Kvamme To AAAA: Marketers Need To 'Own The Conversation'

headshot of Mark KvammeIf Mark Kvamme were starting his former ad agency CKS Group today, what would he do? Bypass the traditional interruption model of advertising and focus on "owning the conversation" among consumers using digital tools to shape their own media interactions.

In remarks at the AAAA Digital Conference in New York on Wednesday, Kvamme urged audience members to "think about how brands and consumers are going to interact" in a world where people can get media where, how, and when they want.

Advertisers and agencies need to be especially mindful of what he called the under-30 "attention" generation weaned on blogs, Facebook, YouTube, and a host of Web applications turning the 30-second spot into an old media relic.

"The key thing here is how do we invite, ask, entertain and co-create?" said Kvamme, now a partner at Silicon Valley venture capital firm Sequoia Capital Partners. "If the consumer doesn't like what we're giving them, they'll click off immediately."

To that end, he stressed the importance of creating new ad units that blur the conventional boundaries between content and advertising. As a high-tech venture investor, Kvamme explained he has a front-row seat to glimpse some of the most promising digital media and ad concepts coming along.

Among innovative new ad formats, he pointed to the comedy video site Funny or Die, which lets visitors create their own movie trailer spoofs incorporating footage from new releases. (Kvamme's son, Michael, came up with the site's underlying concept for surfacing funny videos.)

Another Sequoia portfolio company, StarDoll, has made millions by selling "Playbrands," branded digital clothing and other items the site's tween and teen users can buy to outfit their virtual dolls, Kvamme said.

He also showed the potential for display advertising within search by demonstrating some of the capabilities of visual-oriented search startup Searchme. Looking up the HBO series "Entourage" on the site, he collected photos, a video clip, and a Wikipedia entry on the show, among other pieces of related content that could be stored for later viewing or shared with friends.

"This could put the creative back into search," said Kvamme. "(Text-based) search makes it really hard to be creative with 95 characters."

Kvamme added that he's especially interested in blogs, saying he gets most of his news from a half dozen or so mostly tech-focused blogs. "They allow consumers to interact with each other and people are getting audiences in some very interesting areas," he said. Finding ways to tap into highly targeted niche audiences online will be a key challenge for agencies and brands to tackle.

As an unlikely motocross enthusiast, Kvamme pointed out that he belongs to an online community dedicated to the subject.

A related morning panel at the AAAA Digital event at the TimesCenter auditorium looked at business models among digital agencies. Compensation was a central topic of discussion as agencies consider new ways of getting paid that reflect the newer types of interactive campaigns they are developing for clients.

While experimenting with new payment methods, including pay-for-performance arrangements, the executives gathered indicated that they are mostly sticking with traditional approaches to agency compensation to keep things simple.

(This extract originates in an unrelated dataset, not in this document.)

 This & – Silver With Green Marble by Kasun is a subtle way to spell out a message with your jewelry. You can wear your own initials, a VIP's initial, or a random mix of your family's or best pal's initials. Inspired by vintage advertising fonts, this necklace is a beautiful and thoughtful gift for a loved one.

Matt Anthony, CEO of WPP-owned VML, said the firm works mostly on a retainer basis across its creative, technology and media buying and planning operations. Likewise, Winston Binch, vice president, integrated head of interactive production at Crispin Porter + Bogusky, said the agency typically charges an upfront fee for oversight of a campaign across media, but charges separately on an estimated basis for various production elements.

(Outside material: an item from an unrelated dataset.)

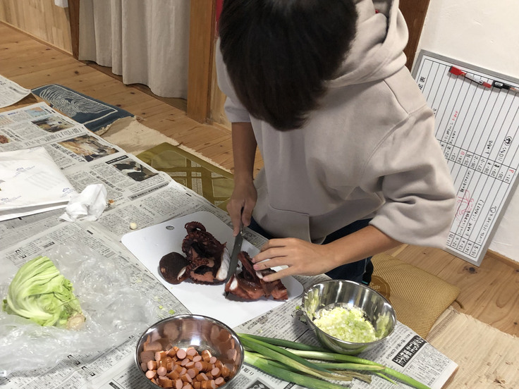 生地づくりや、タコやソーセージなどの具材切りをみんなで分担して、

"That way we can adjust ideas and thinking quickly," Binch said. He noted that Crispin Porter had taken equity stakes in clients in lieu of standard fees in some instances in the past, but found the approach too risky.

Joe Celia, chairman and CEO of G2 Worldwide, also suggested that performance-based payment methods tied to digital campaign metrics can erode the perception that agencies have valuable services to offer. By reducing the differences among them to price, agencies risk becoming commoditized. "Our focus is on how to maintain the value perception for clients so they're willing to pay," Celia said.

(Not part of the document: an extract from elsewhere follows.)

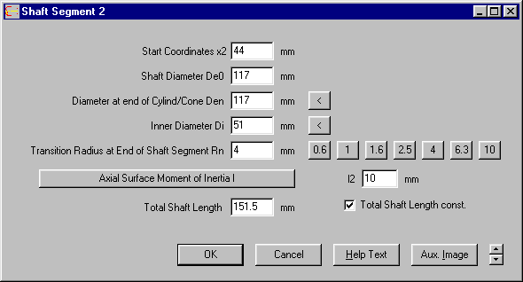 When inserting and deleting shaft segments, you can choose, if the whole shaft should be elongated/shortened, or if only the next section should be influenced. When editing a shaft section, you find a new option "Total shaft length const." If disabled, a modification of the shaft section will change shaft length and x coordinates of the other shaft segments. This option may simplify changes of the shaft geometry. Thanks to Mr. Müller, Wollbach/Germany for the improvement suggestions.

The panelists also expressed skepticism about outsourcing production work to reduce costs. While VML has outsourced some technology chores to India and other regions outside the U.S., the savings isn't always worth the loss of control and oversight, according to Anthony. "Clients are paying us to deliver on our ideas and the execution is ultimately what the customer sees," he said. "You still need project management and relationship people to make sure those things happen."

In that vein, Binch pointed out that in two-and-a-half years Crispin Porter has gone from sending out 90% of its production work to handling half of it in-house. "This allows us to get technology at the front of our conversations," Binch said. "You have to have technologists in your own conversations--they have to be leading, even in the creative department."